In his book, Faith Versus Fact (Penguin Books, 2015), evolutionary biologist Jerry Coyne seeks to tackle a problem the modern Western world has been struggling with for several decades now: Can Science and Religion coexist? For those of you who don’t feel like reading all of the below, the answer is ‘yes’ but it largely depends on how you intend to use them.

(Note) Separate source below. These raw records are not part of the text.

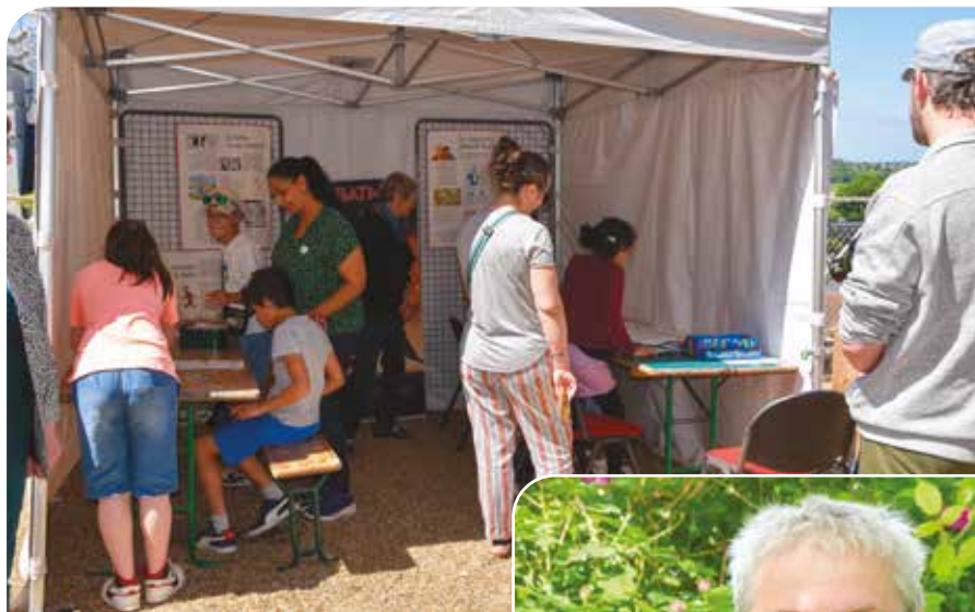
Bibli en Fête

De janvier à juin, la bibliothèque de Vézetz invite petits et grands à partager lectures, découvertes et convivialité.
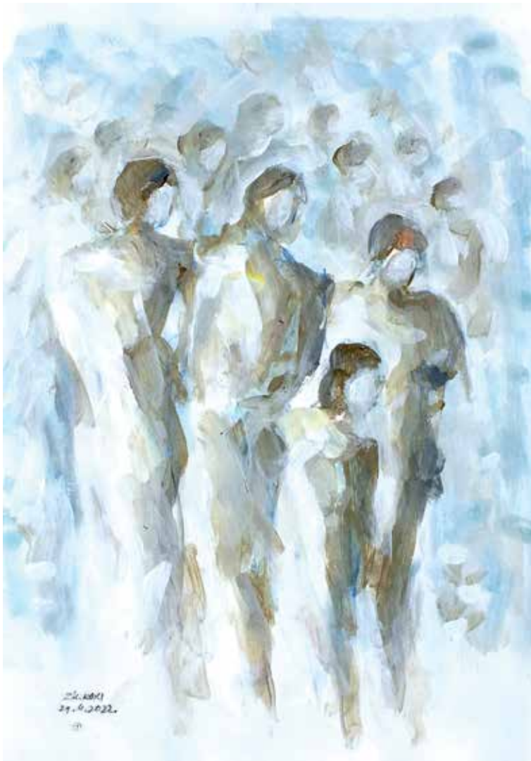
31. Skica, 2023, akril, papir, 30 × 21 cm
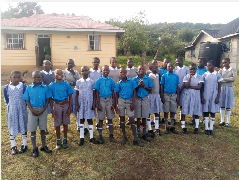
ein aktuelles Foto unserer Jungs und Mädels aus Orore
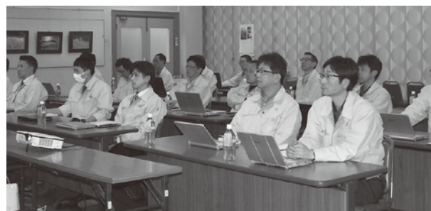
トーヨーサークル本部大会議室
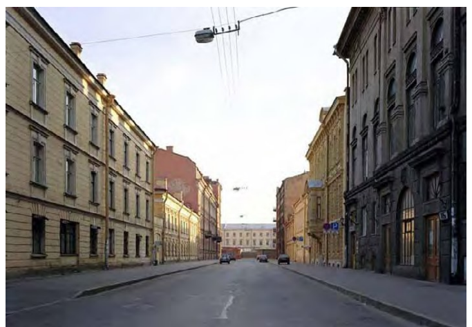
4) Počtamskaja ulica, St. Petersburg, 2005
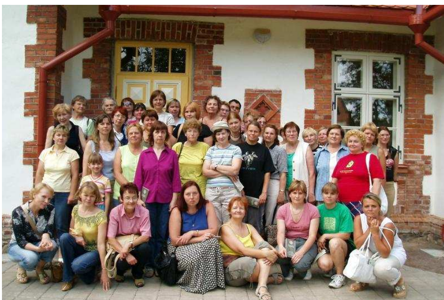
ILU MEIE ÜMBER: Tartumaa raamatukogurahvas poseerib hingematvalt ilusasse Luke mõisaparki taasrajatud kärneri maja ees.
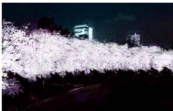
「Sakura Effect」通常ライトアップ時(イメージ)

1974年長崎県出身。2000年東京理科大学大学院建築学卒業後、隈研吾都市建築設計事務所を経て渡米。2002年コロンビア大学大学院建築学科AADを卒業後、同大学院助手。中国・広東省佛山市体育館の設計主任を経て、2005年アーキコンプレックスを設立し、日本国内での活動を開始。ホテルや美術館、住宅などの建築に携わるほか、学術活動も行う。近年の作品に、富士重工業国際モーターショーブース、三國清三氏ホテル&フレンチレストラン「オーベルジュ・ド・ミクニ」など。
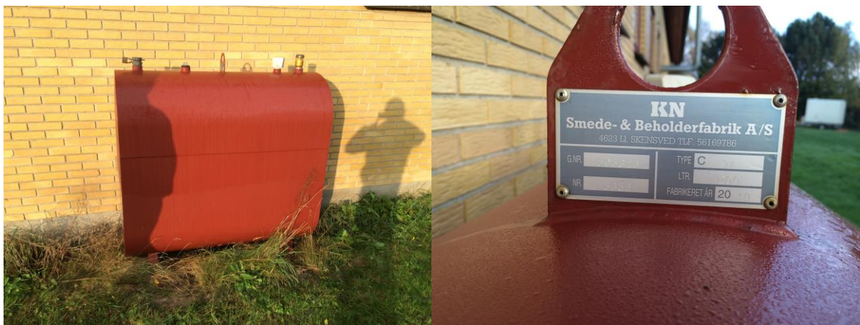
Overjordisk olietank til fyringsolie.
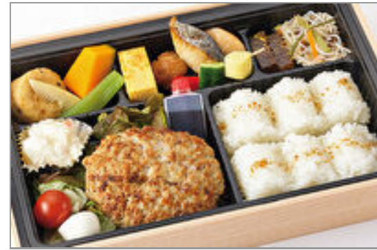
特選和牛ハンバーグ膳
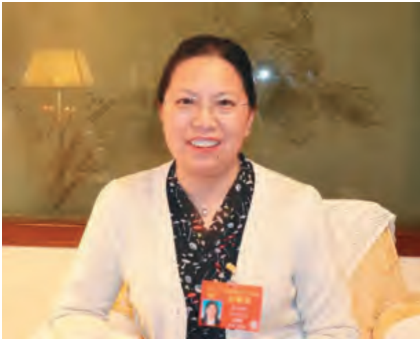
全国人大代表、贵州省财政厅厅长晏婉萍

“疫情防控”这个举国上下都关心和关注的问题，在今年的全国两会上，自然也成为了全国人大代表和政协委员热议的内容。全国两会期间，《政府采购信息》报记者也就贵州省如何做好疫情防控、相关制度应如何完善等问题采访了全国人大代表、贵州省财政厅厅长晏婉萍。

Not surprisingly, for a book whose sub-title is Why Science and Religion Are Incompatible, Coyne, like (also evolutionary biologist) Richard Dawkins before him, comes to the conclusion that they aren’t. For the most part, Coyne focuses on problems of epistemology (i.e., how you know what you know). And by that, I mean that he takes great pains to focus on how religious doctrines seek to explain the existence of the cosmos or the origins of life; matters that, as far as he is concerned, belong solely to the realm of science (I’m going to guess he is also essentially unconcerned with the works of E. Evans Pritchard and Stanley Tambiah on the social relationships between Science and Religion, but I digress). As far as Coyne is concerned, Religion’s record of flawed and dubious teachings about the natural world constitute a “failure of religion to find out the truth about anything.” What’s even worse is that he then goes on to accuse all forms of theology of leading humans toward “thinking that an adequate explanation can be based on what is personally appealing rather than on what stands the test of empirical study.” If it isn’t already clear by my tone, I think Coyne has missed the point.

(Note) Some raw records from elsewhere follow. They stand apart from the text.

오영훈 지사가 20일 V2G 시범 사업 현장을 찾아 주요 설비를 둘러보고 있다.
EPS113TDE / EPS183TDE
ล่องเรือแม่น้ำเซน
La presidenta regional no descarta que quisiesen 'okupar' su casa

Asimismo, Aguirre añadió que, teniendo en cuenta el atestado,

Part of the problem of compatibility or irreconcilability is that this particular discourse has too often shaped both Religion and Science as discreet, self-sustaining, entities that essentially diverge on the grounds of objectivity and epistemology (or you might say, “who is going to get the monopoly on the truth”). In other words, this argument imagines Religion and Science as two neatly bounded concepts that are currently facing off over who gets to “win” and be the king of the cultural hill. If you view Science and Religion as a line in the sand in the midst of an all or nothing battle to conquer viewpoints (or souls, if you are so inclined) for one side or the other, of course you are going to believe they are irreconcilable.
What arguments like this fail to consider is that neither Religion nor Science are neatly contained little individuals. Rather, systems of knowledge are messy, constantly morphing, and ever-changing methods by which people do things in the world (as we say in anthropology, these systems do “cultural work”). Meaning, that both of these systems of knowledge are used by people (let’s not forget that neither exists without people) to accomplish certain ends. For example, try to think about Creationism not as some kind of cosmic force “out there” opposing Cosmology (thus implying that one side must ultimately be eliminated), instead think of Creationism as having been created to work in opposition to Cosmology because many modern day political power struggles frame “victory” as having sole ownership of “the truth about things.” Whoever has “the truth” gets the power, and Religion is a very good method of trafficking in “absolute truths.” And as Science generally does not deal in “absolute truths,” Religion becomes a viable method of attack in order to attempt to strip Science of its growing cultural power and authority (a kind of cultural power and authority many religious traditions once enjoyed). Note here, however, that I am not saying that both Religion and Science are always on same footing in terms of evidence, application, and meaning. I am not, in any way, advocating for the inclusion of religious ideologies, like Creationism, in the Science classroom. Rather, I am pointing out how the use of knowledge and systems of knowledge often has more to do with their “problems” than the actual knowledge produced.
I’m also being a bit overly simplistic here because, unfortunately, a more extensive and verbose essay on the subject wouldn’t make for a particularly entertaining blog post. But in any case, the point is that I think we need to stop wringing our hands over what will become of a battle between Religion and Science that continuously pits them against one another as sole sources of “truth” and start asking ourselves why we need to see the two systems as polar opposites in the first place.
Lastly, if it isn’t already obvious, I’ll be posting more on precisely this topic in the coming months. But this is a good start to get us going.